***Effective Date: March 30, 2019***
--- SECTION 1 - OVERVIEW ---
yLab.info is a premium domain that is available for purchase. yLab.info is operated by fai.host.
This privacy notice applies solely to information collected by yLab.info, except where stated otherwise. It will notify you of the following:
- What personal information we collect and why we collect it.
- How long we store your data.
- What right you have over your data.
- Who do we share your data with.
- Where do we send your data.
- Response to legal process.
- External Resources.
- Survey & contests.
- How we protect your data.
- What data breach procedure we have in place.
- What third party we receive data from.
- What automated decision making and/profileing we do with user data.
- Notification of changes.
We use “cookies” on our website. A cookie is a piece of data stored on a site visitor’s hard drive to help us improve your access to our sites and identify repeat visitors to our sites. For instance, when we use a cookie to identify you, you would not have to log in a password more than once, thereby saving time while on our sites. Cookies can also enable us to track and target the interests of our users to enhance their experience on our site.
2.b. Essential Cookies
1. Advertisement cookie - As a way of generating revenue to maintain the health of our website and to ensure our legal right interest, we may from time to time display advertisement from 3rd parties. 3rd party advertisements vendors may set cookies on your browser with the purpose of serving you the advertisement that best suit your interest and to verify that the ads actually been viewed by a real person. We do not have any control over those cookies or how they are stored. However, when choosing advertisements for our website we ensure that we will only work with reputable 3rd parties.

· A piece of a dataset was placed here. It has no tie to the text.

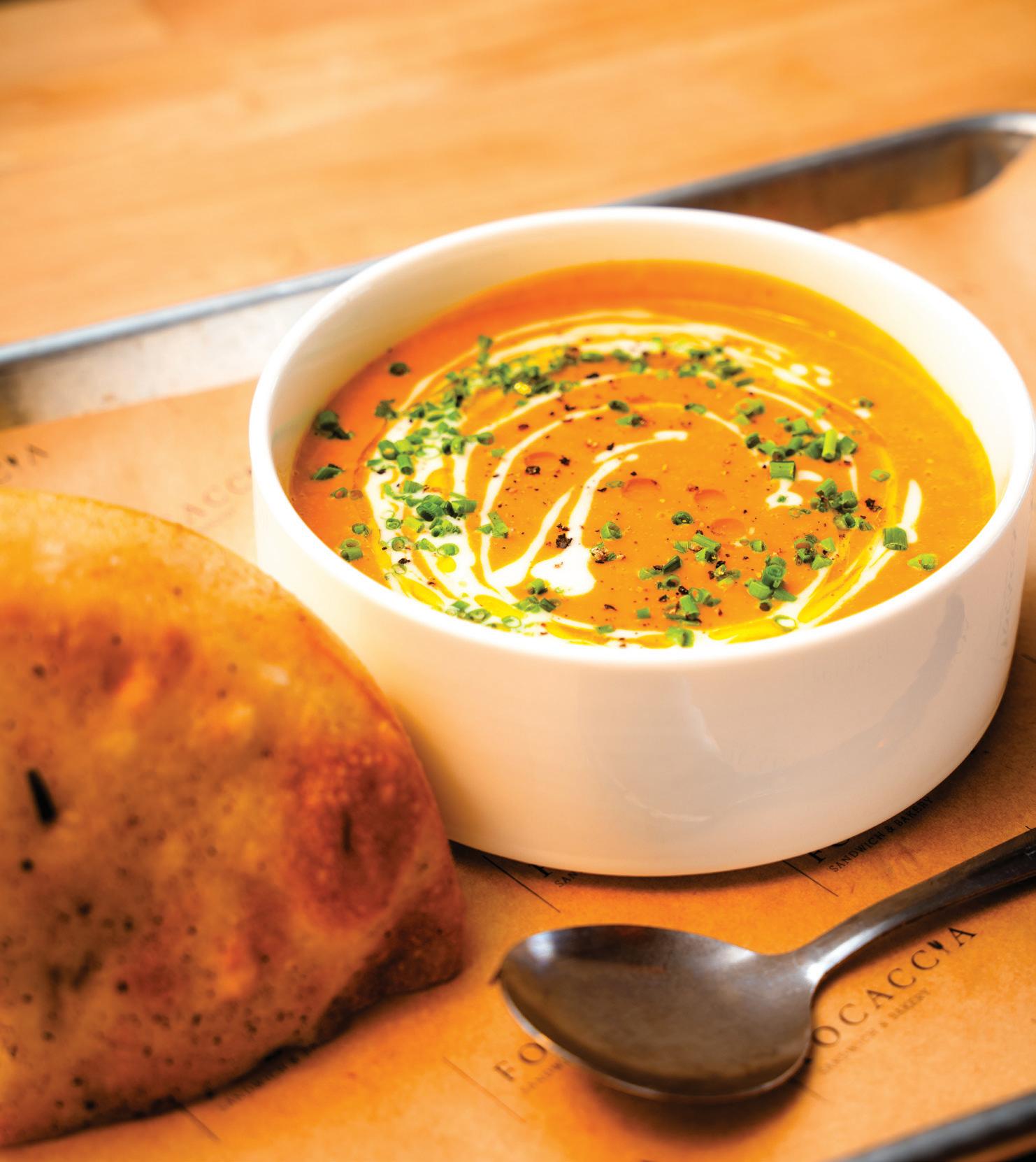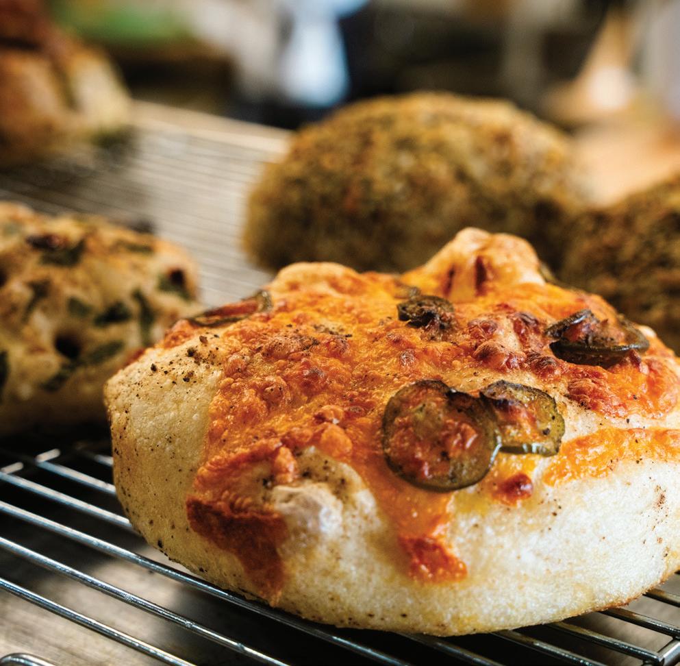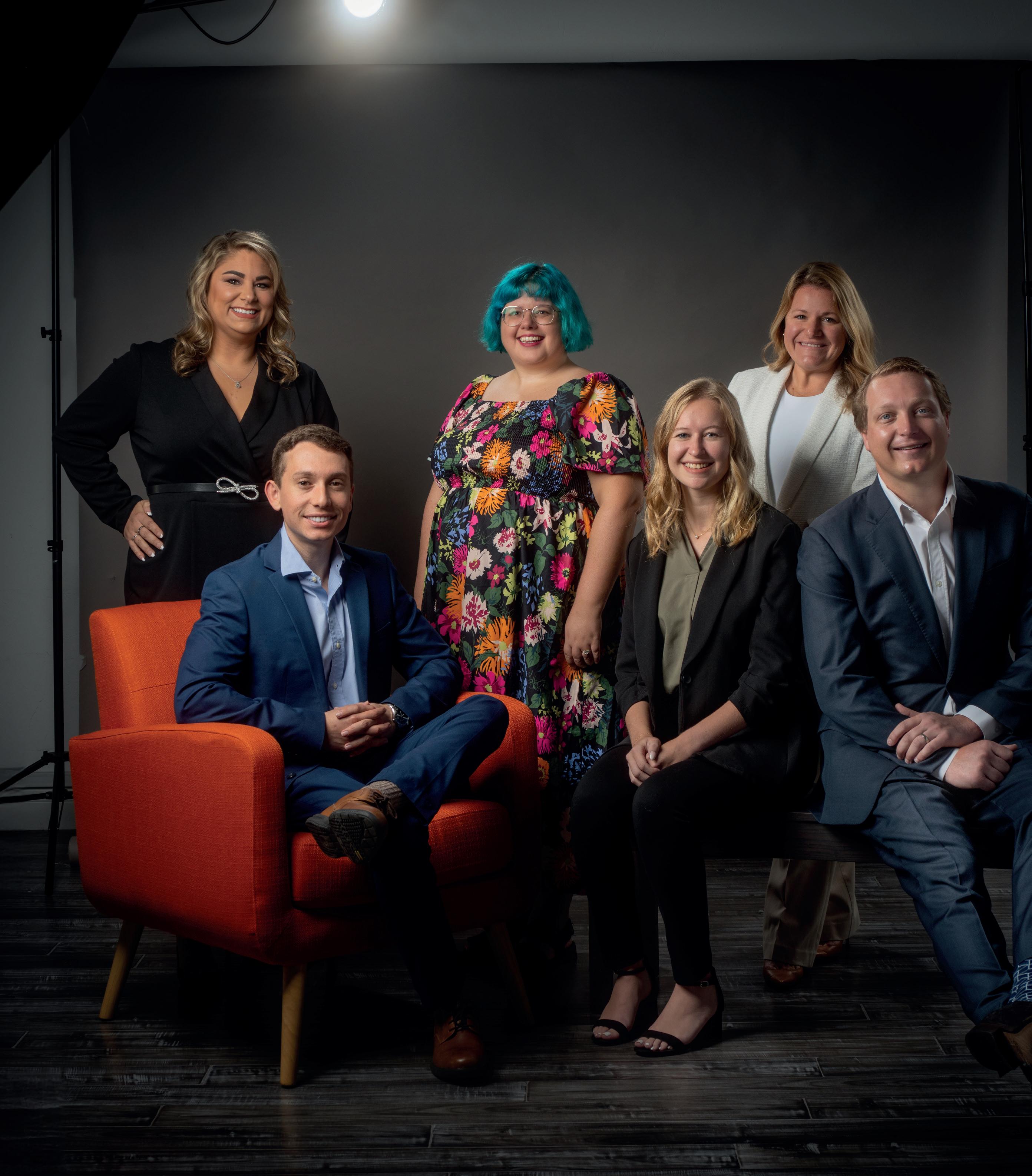Cover: Erin McLeod, President of Senior Friendship Centers, photo by Wyatt Kostygan. Previous page: 35 Under 35 Honorees including Ross Kennedy, Cynthia McLaughlin, Austin Hirsch, Amanela Corcoran, David Calandro and Chelsea Vacca, photo by Wyatt Kostygan. This page, clockwise: Focaccia, photo by Wyatt Kostygan; Bat City, photo by Wes Roberts; and Manatees on Main artist Virginia Bright gets ready to paint her manatee sculpture at her studios at The Bazaar On Apricot and Lime, photo by Wes Roberts.

--- SECTION 3 - WHAT PERSONAL INFORMATION WE COLLECT AND WHY WE COLLECT IT ---
3.a. Embedded content from other websites
Articles on this site may include embedded content (e.g. videos, images, articles, etc.). Embedded content from another website behaves in the exact same way as if the visitor has visited the website that the content(s) was embed from.
Whether whichever protocol you choose to utilize(FTP, HTTPS, HTTP, DNS, etc..), at the moment that you made a request to our server, our server will log the request that your browser/software made to us and also your IP. These logs of IPs help us identify any problem with our services if there are. These logs are also a crucial tool for us to maintain the security of our service or detecting a data breach.
IPs are somewhat similar to if you were to walk into a store and the store has cameras to help monitor suspicious activities and enhancing customers' experiences by capturing all traffic into the store. However, IPs are less identifiable than a real image. As an image of you taken by a security camera would clearly be able to identify who you are. Unless you provided us with others identifiable information, IPs are not as such capability as multiple users could share a same public IP address and information pertaining to an IP address is usually kept by the ISP(Internet Service Provider) and ISPs usually do not disclose IP's information unless the matter pertains to laws.
We also use IPs as a tool to analyze the broad geographic trend of our visitor. We do not have an intention to link an actual person to an IP address but we use IPs as a tool of security and as a tool for analyzing traffic trends.
We may report or publicly disclose abusive IPs engaging in hacking attempts or other malicious behavior of which, include, but not limited to, causing a DDoS to our services, attempted DDoS, any type of spam, hacking attempts, hacking, phishing, spoofing, SQL injection, attempted SQL injection, attempted to exploit a security vulnerability in a version of a software that we run even though we are not running that version, attempted to exploit a security vulnerability in a software on our server that we may or may not have the software installed, and any attempt to exploits any security vulnerability on our server/software/web platform whether if the vulnerability existed or not.
3.c. Browser and other informations
When your browser makes a request to our server for our website, we collect your user agent header information. Your user agent header helps us identify the browser that you are using and the device that you are using. This information is to help us better understand the device that you are using so that our website can serve to you responsively based on the device that you used. We also use this information to help better understand the demographic trend of our traffic to help us further improve our service.
--- SECTION 4 - HOW LONG WE STORE YOUR DATA ---
For IPs and requests that made to our server through whichever protocol that was used(FTP, HTTPS, HTTP, DNS, etc..), we may store these log files for up to 7 years from the date that they were created.
For IPs logs where it is reasonable to believe that there was/were attempted breach into our platform or server, we may keep those logs indefinitely.
When you contact us through e-mail or from our contact form, our administrators may store your e-mail address and any information you provided us for up to 7 years. When contacting us, we will not use your e-mail address to send you unsolicited messages.
--- SECTION 5 - WHAT RIGHT YOU HAVE OVER YOUR DATA ---
5.a. Data portability
As of current, yLab.info does not have a feature where you can sign up for an account at our site, we would most likely not to have any important personal information about you. Nonetheless, to request your personal information that we have, please send an e-mail from the e-mail address that associated with your information to email@example.com.
If the only information we have about you is your IP, whether if the information for the IP that you requested is in our database or not, we will not respond to your request.
5.b. Data erasure
You can also request that we erase any personal data we hold about you. This does not include any data we are obligated to keep for administrative, legal, or security purposes.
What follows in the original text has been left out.